利用多級雜訊整形及雜訊耦合技巧之離散時間三角積分調變器設計

Abstract

在現代物聯網(IoT)系統的應用中，高精度的類比數位轉換器(ADC)對於訊號的處理至關重要，影響著整體系統的性能表現。本篇論文將提出兩種不同架構的類比數位轉換器設計，以滿足物聯網設備對於高效能與低功耗的需求。 晶片一為一離散時間之三角積分調變器，以多級雜訊整形(Multi Stage Noise Shaping)來實現高階雜訊整形(Noise Shaping)，並以偽偽差動架構(Pseudo-Pseudo-Differential)來解決單端系統的非線性問題，再採用一個六位元的逐次逼近之類比數位轉換器(SAR ADC)和比較器用來組成另一個多級雜訊整形架構，此架構有助於解決多位元數位類比轉換器(DAC)的非線性問題，同時提升有效位元(ENOB)。此電路在TSMC 180nm製程實現，晶片核心面積為0.466平方毫米，功耗為191.7微瓦，在1 kHz的頻寬下實現了14.13位元的解析度，並達到了92.04 dB的動態範圍。 晶片二同樣採用離散時間三角積分調變器的架構，核心設計為一個二階調變器，並結合一階雜訊耦合(Noise Coupling)整形技術，以實現三階雜訊整形。為了降低系統的功耗與面積，電路運用了運算放大器共享(OTA Sharing)技術，此外，量化器採用四位元的逐次逼近類比數位轉換器，以減少量化雜訊所帶來的干擾，同時以一增量加權平均演算法(Incremental Data Weight Average)來補償多位元數位類比轉換器因不匹配所產生的非線性諧波。此電路同樣在TSMC 180nm製程實現，晶片核心面積為0.273平方毫米，功耗為110.3微瓦，在16 kHz的頻寬下實現了14.5位元的解析度，並達到了170.7 dB的性能指標。

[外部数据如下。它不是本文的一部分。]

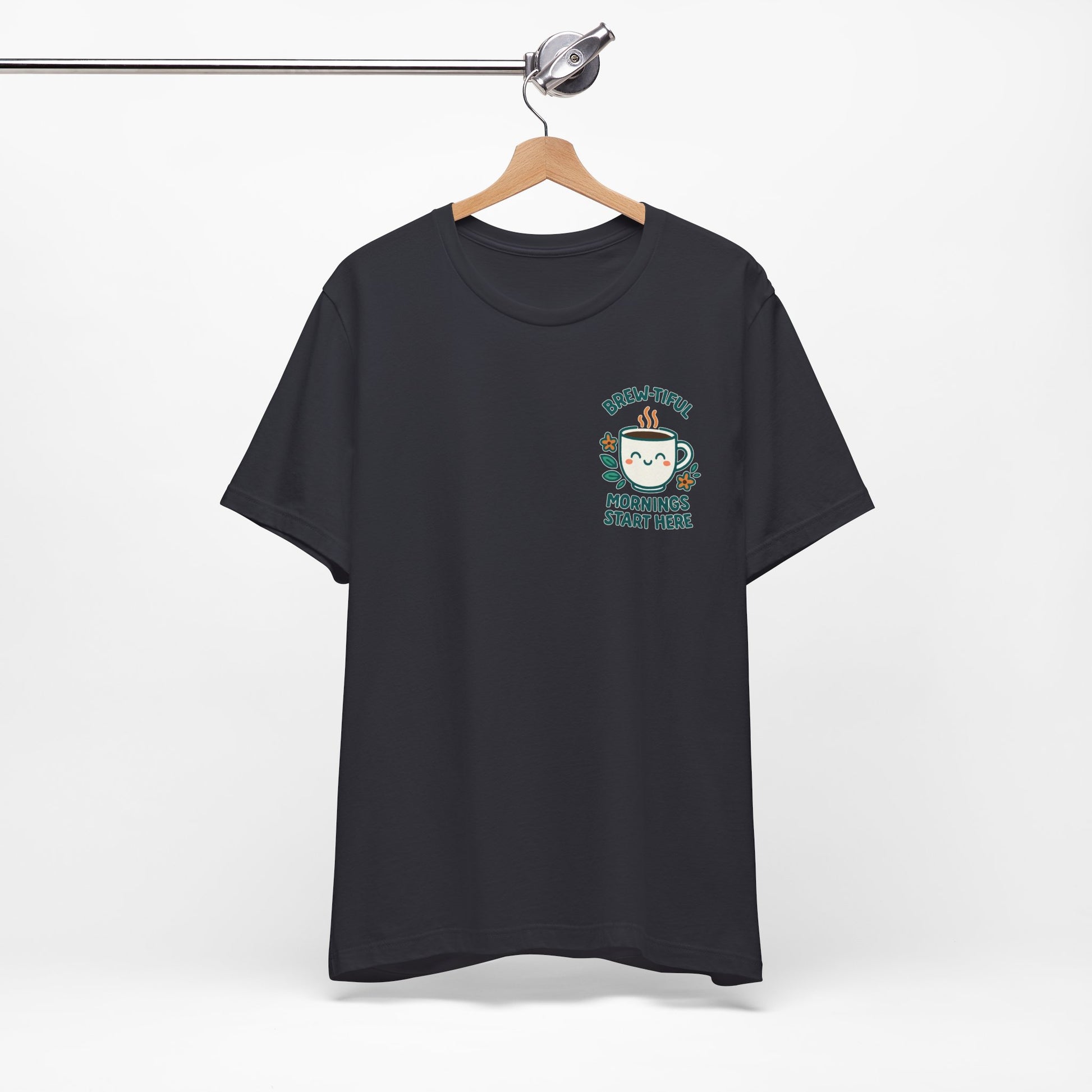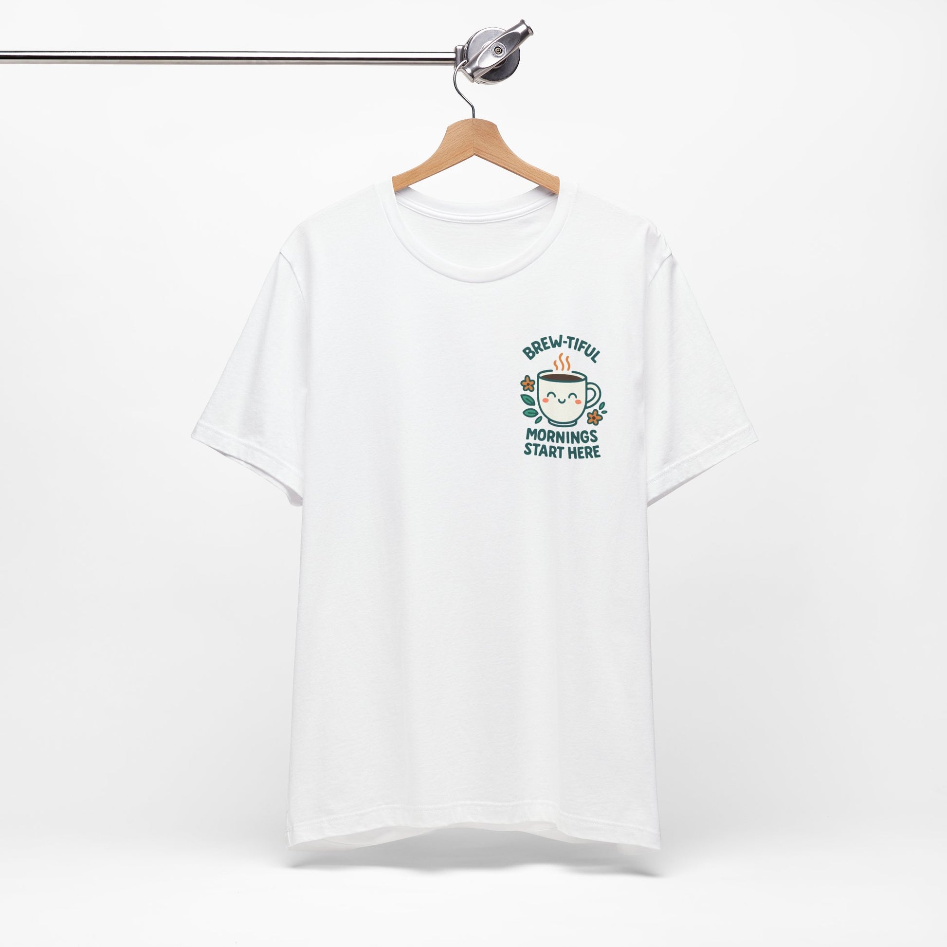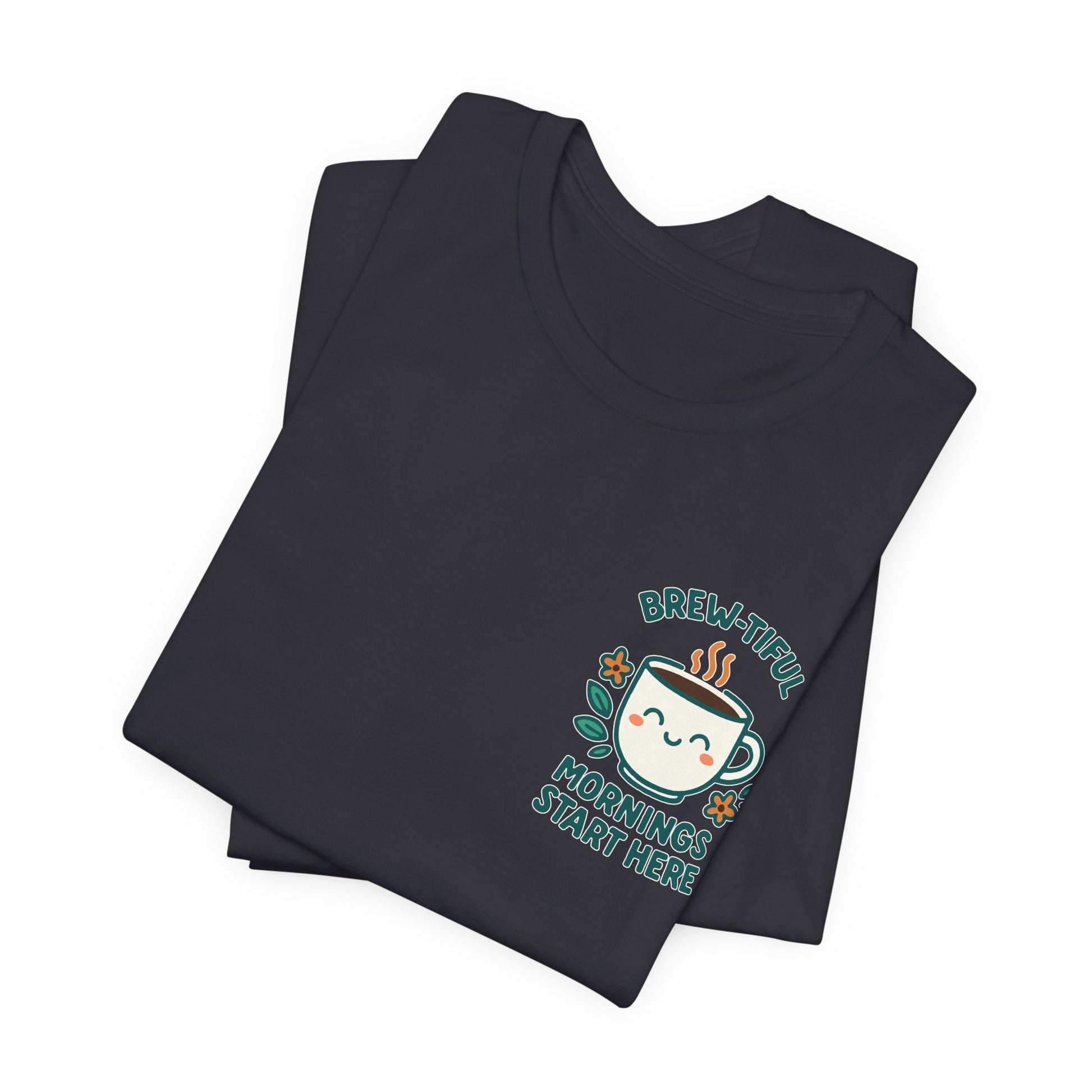 Cute Coffee Lover T-Shirt, Brew-tiful Mornings Start Here Tee, Perfect for Baristas, Gift for Coffee Enthusiasts, Cozy Everyday Wear
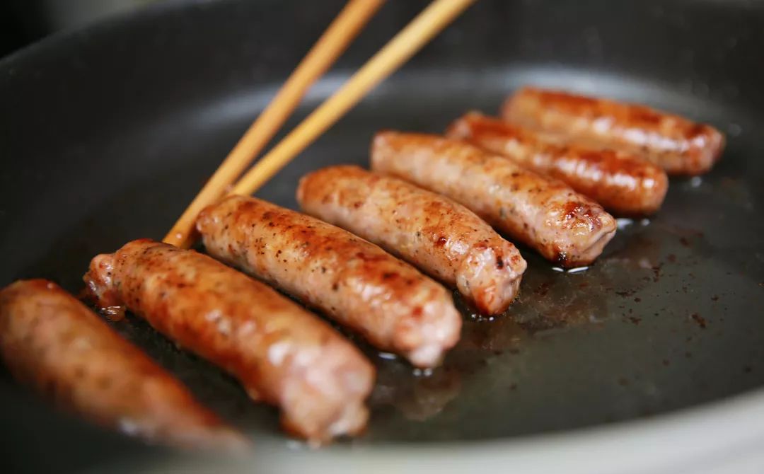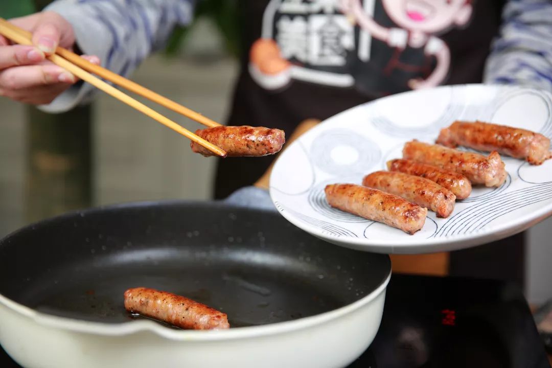 在家用小火煎上10分钟,不用多放油,香肠中的油分“滋滋”地冒出来,把薄薄肠衣煎得焦香脆韧,喷香的肉汁在嘴里迸开,当早餐或者宵夜,格外满足!
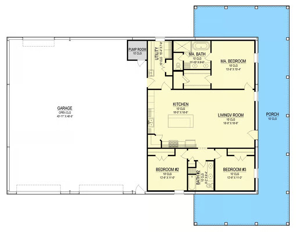 Welcome to the gallery of photos for the Modern Barndominium House with Workshop and Wrap-Around Porch. The floor plan is shown below:
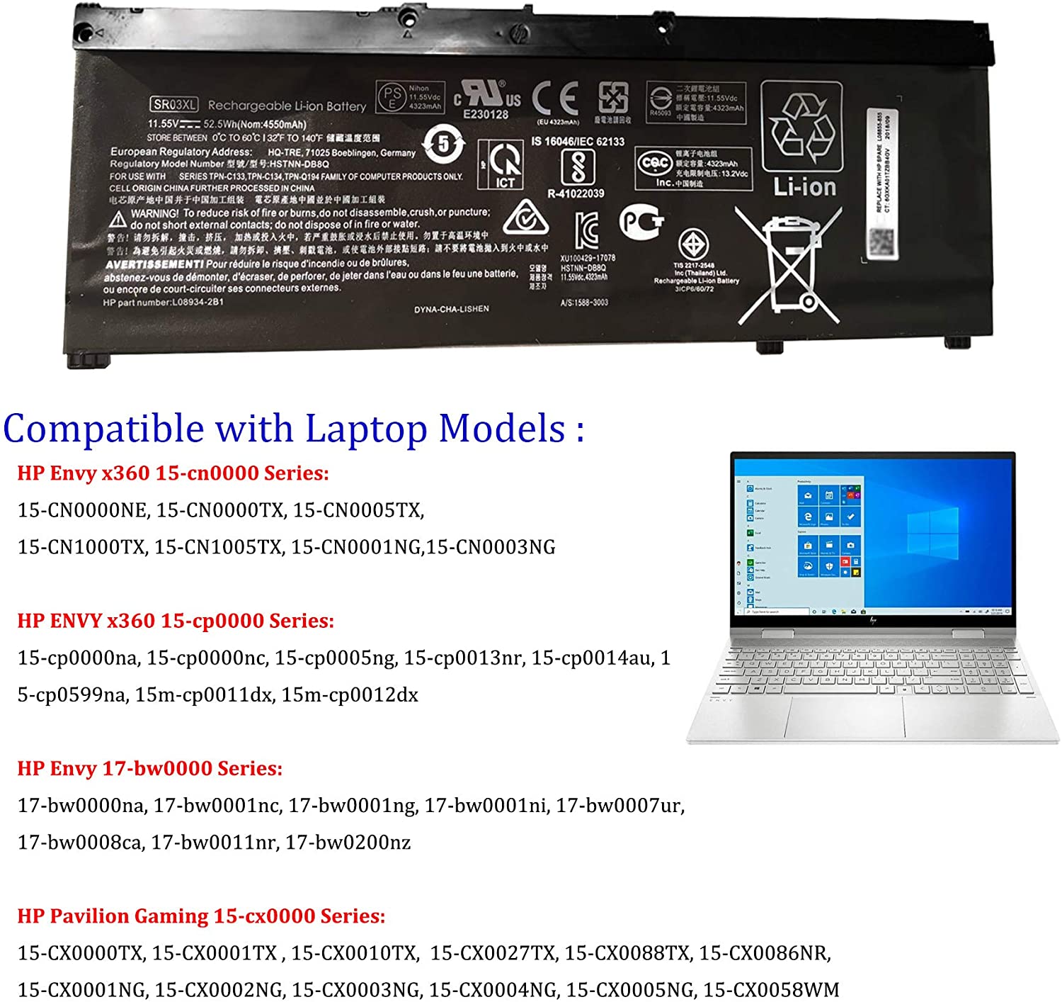 SR03XL Battery for Hp Pavilion 15-cx0000 HSTNN-DB8Q L08934-2B1 SR03052XL HSTNN-DB8Q
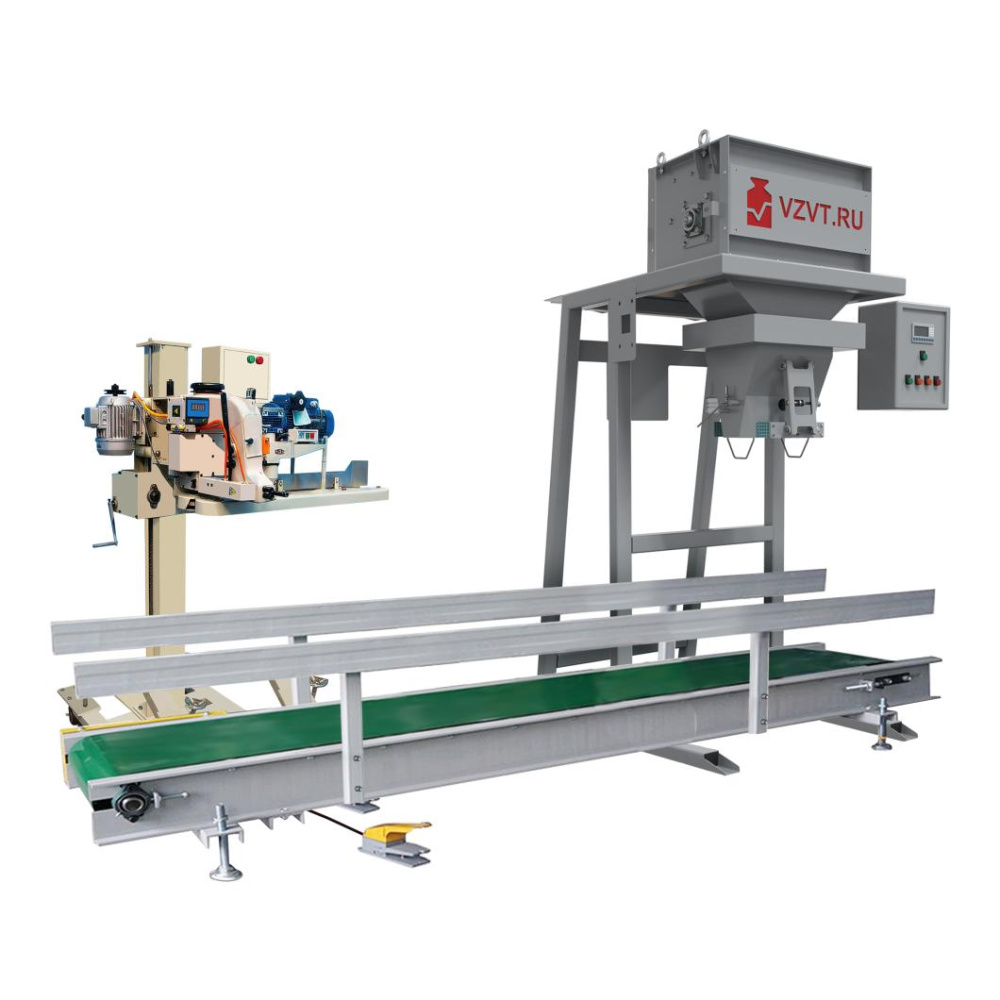 В линию включен дозатор для фасовки, транспортер для отвода мешка в зону зашивки и мешкозашивочная станция с регулировкой под высоту мешка.
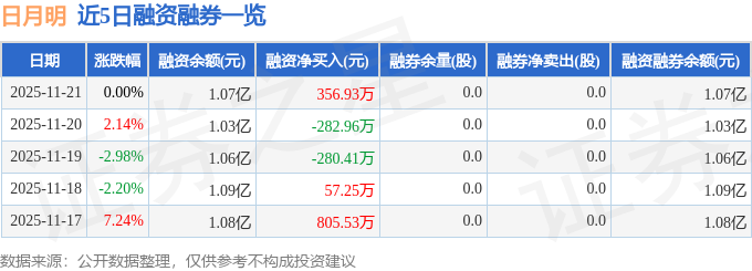 日月明融资融券信息显示,融资方面,当日融资买入1339.58万元,融资偿还982.65万元,融资净买入356.93万元。融券方面,融券卖出0.0股,融券偿还0.0股,融券余量0.0股,融券余额0.0万元。融资融券余额1.07亿元。
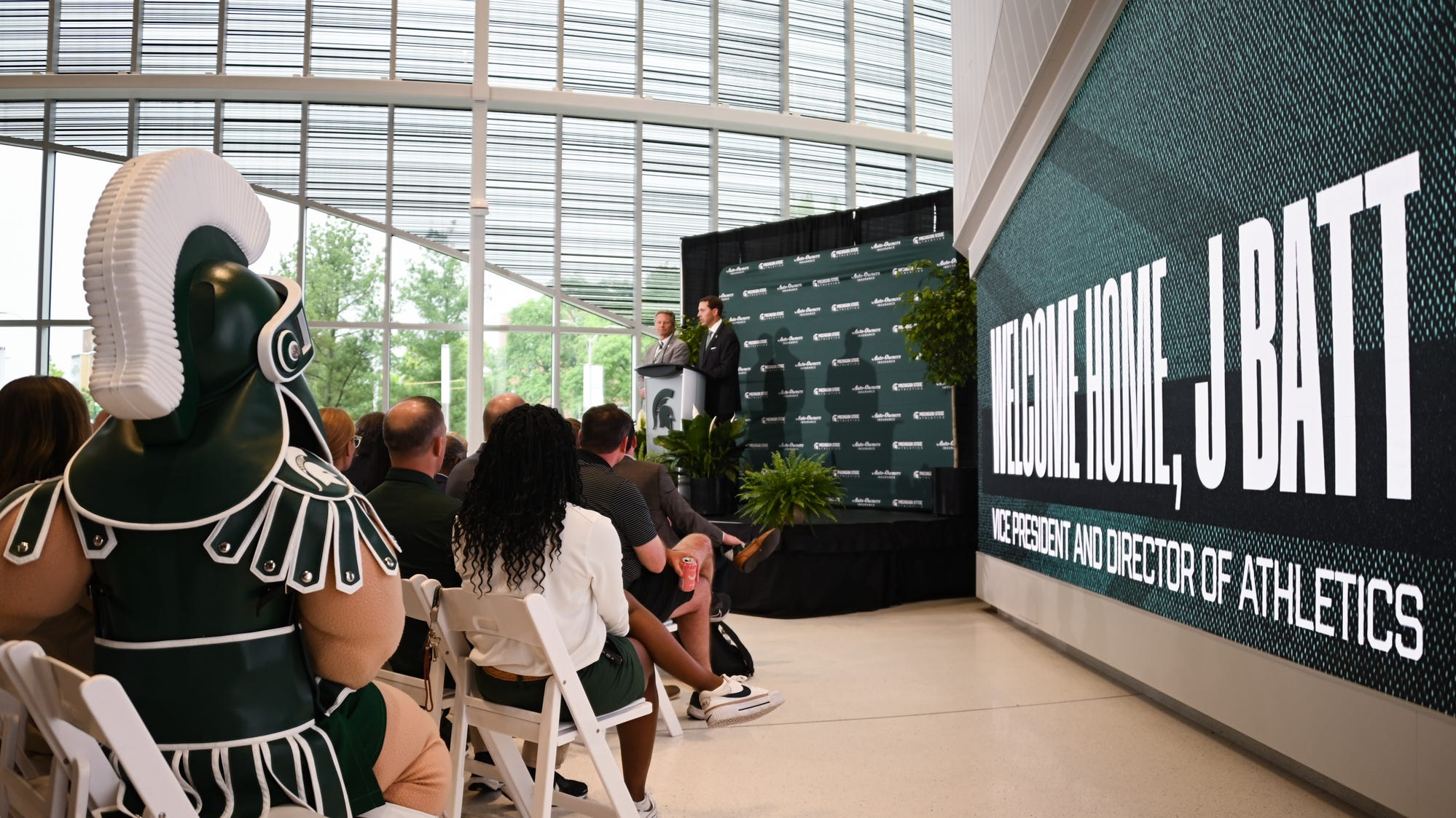 He was present and took the podium at J Batt’s introductory news conference as the university’s new athletic director on Wednesday, June 4, in East Lansing.

In modern Internet of Things (IoT) applications, a high-precision analog-to-digital converter (ADC) plays a crucial role in signal processing, directly impacting the overall system performance. This thesis proposes two different ADC architectures to meet the high-performance and low-power requirements of IoT devices. Chip 1 is a discrete-time delta-sigma modulator (DTDSM) that employs a 2-1 multi-stage noise shaping to achieve high-order noise shaping. A six-bit successive approximation register (SAR) ADC and a comparator are used to form another multi-stage noise shaping structure, which helps to address the nonlinearity issues in multi-bit DAC and improve the resolution. Additionally, a pseudo-pseudo-differential architecture is adopted to mitigate nonlinearity issues in a single-ended system. This circuit is implemented in the TSMC 180nm process, with a core area of 0.466 mm² and a power consumption of 191.7 µW. It achieves a resolution of 14.13 bits within a 1 kHz bandwidth, a dynamic range of 92.04 dB. Chip 2 also adopts a DTDSM architecture, featuring a 2nd-order modulator combined with 1st-order noise coupling to achieve 3rd-order noise shaping. To reduce power consumption and chip area, the circuit employs the OTA sharing technique. Furthermore, a four-bit SAR ADC is used as the quantizer to minimize interference caused by quantization noise. An incremental data weight average algorithm is implemented to compensate for harmonic distortion caused by the mismatch in multi-bit DACs. It is also fabricated in the TSMC 180nm process, with a core area of 0.273 mm² and a power consumption of 110.3 µW. It achieves a resolution of 14.5 bits within a 16 kHz bandwidth, and a FoMSNDR of 170.7 dB.